- Opening Delimiter -
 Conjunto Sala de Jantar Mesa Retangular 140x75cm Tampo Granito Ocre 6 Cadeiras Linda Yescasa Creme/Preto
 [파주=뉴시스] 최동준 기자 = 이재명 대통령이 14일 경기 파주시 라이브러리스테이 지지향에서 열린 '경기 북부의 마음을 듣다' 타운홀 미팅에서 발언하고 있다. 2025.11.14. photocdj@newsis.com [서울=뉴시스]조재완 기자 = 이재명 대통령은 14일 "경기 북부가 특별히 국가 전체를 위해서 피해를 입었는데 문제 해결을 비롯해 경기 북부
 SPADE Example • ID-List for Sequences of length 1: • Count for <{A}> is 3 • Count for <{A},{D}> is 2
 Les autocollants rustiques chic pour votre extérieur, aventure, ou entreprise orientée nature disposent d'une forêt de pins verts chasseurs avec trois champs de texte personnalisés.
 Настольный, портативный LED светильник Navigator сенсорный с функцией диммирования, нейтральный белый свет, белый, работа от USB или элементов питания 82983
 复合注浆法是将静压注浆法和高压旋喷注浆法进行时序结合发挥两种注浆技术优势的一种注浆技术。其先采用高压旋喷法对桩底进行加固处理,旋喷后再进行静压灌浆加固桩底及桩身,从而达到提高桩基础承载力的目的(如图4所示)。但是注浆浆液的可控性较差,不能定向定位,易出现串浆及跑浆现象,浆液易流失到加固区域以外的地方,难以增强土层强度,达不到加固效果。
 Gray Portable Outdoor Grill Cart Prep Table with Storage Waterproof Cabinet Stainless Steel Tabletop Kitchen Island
- Closing Delimiter -
- Opening Delimiter -
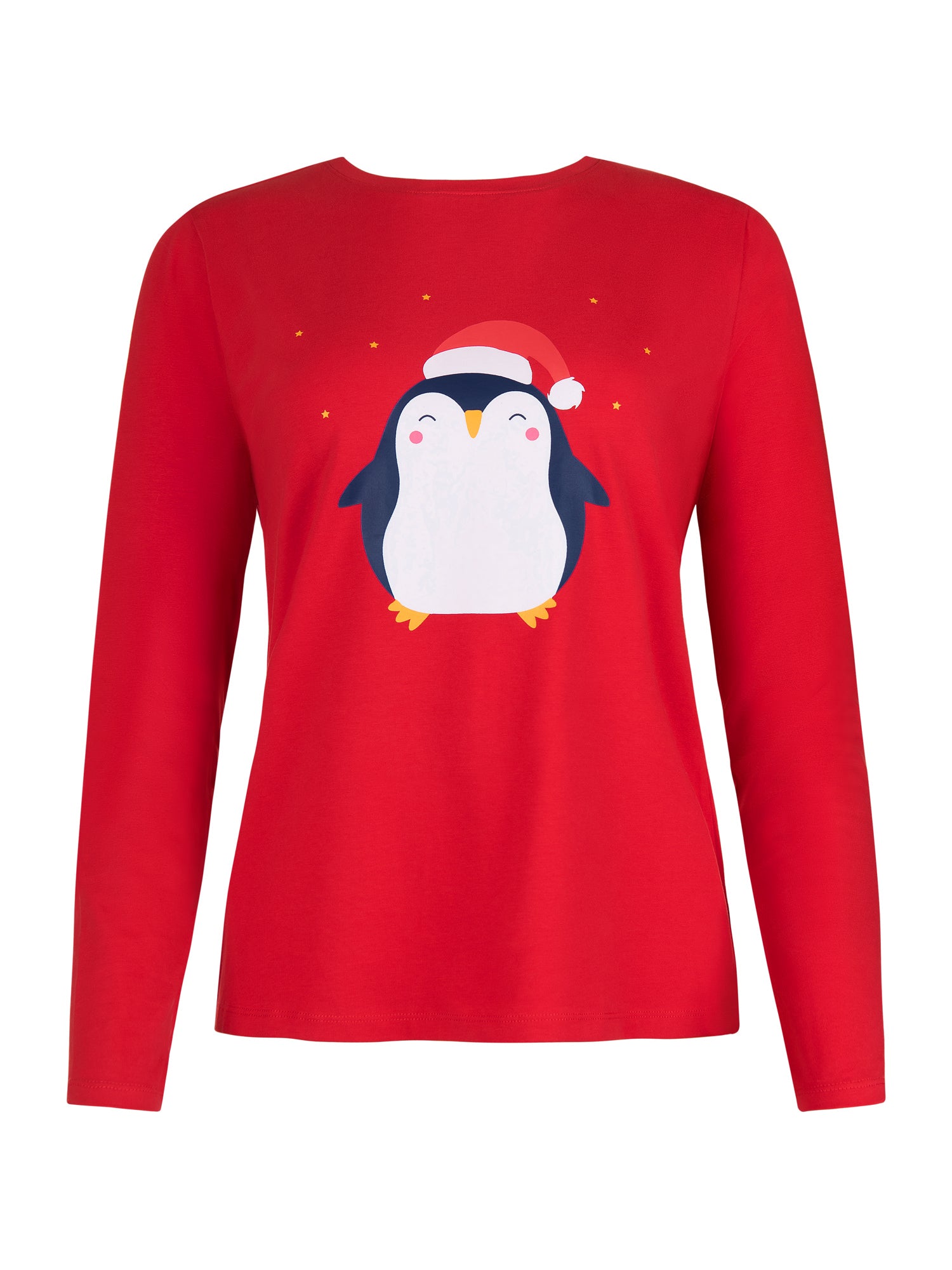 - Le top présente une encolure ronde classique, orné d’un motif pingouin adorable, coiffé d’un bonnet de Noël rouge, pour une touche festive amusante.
- Closing Delimiter -
#### TRY IT
Once the line with "复合注浆法是将静压注浆法和高" is found in the records above, print exactly that line and every line after it through the line with "Gray Portable Outdoor".

#### RESPONSE TO THIS TASK
 复合注浆法是将静压注浆法和高压旋喷注浆法进行时序结合发挥两种注浆技术优势的一种注浆技术。其先采用高压旋喷法对桩底进行加固处理,旋喷后再进行静压灌浆加固桩底及桩身,从而达到提高桩基础承载力的目的(如图4所示)。但是注浆浆液的可控性较差,不能定向定位,易出现串浆及跑浆现象,浆液易流失到加固区域以外的地方,难以增强土层强度,达不到加固效果。
 Gray Portable Outdoor Grill Cart Prep Table with Storage Waterproof Cabinet Stainless Steel Tabletop Kitchen Island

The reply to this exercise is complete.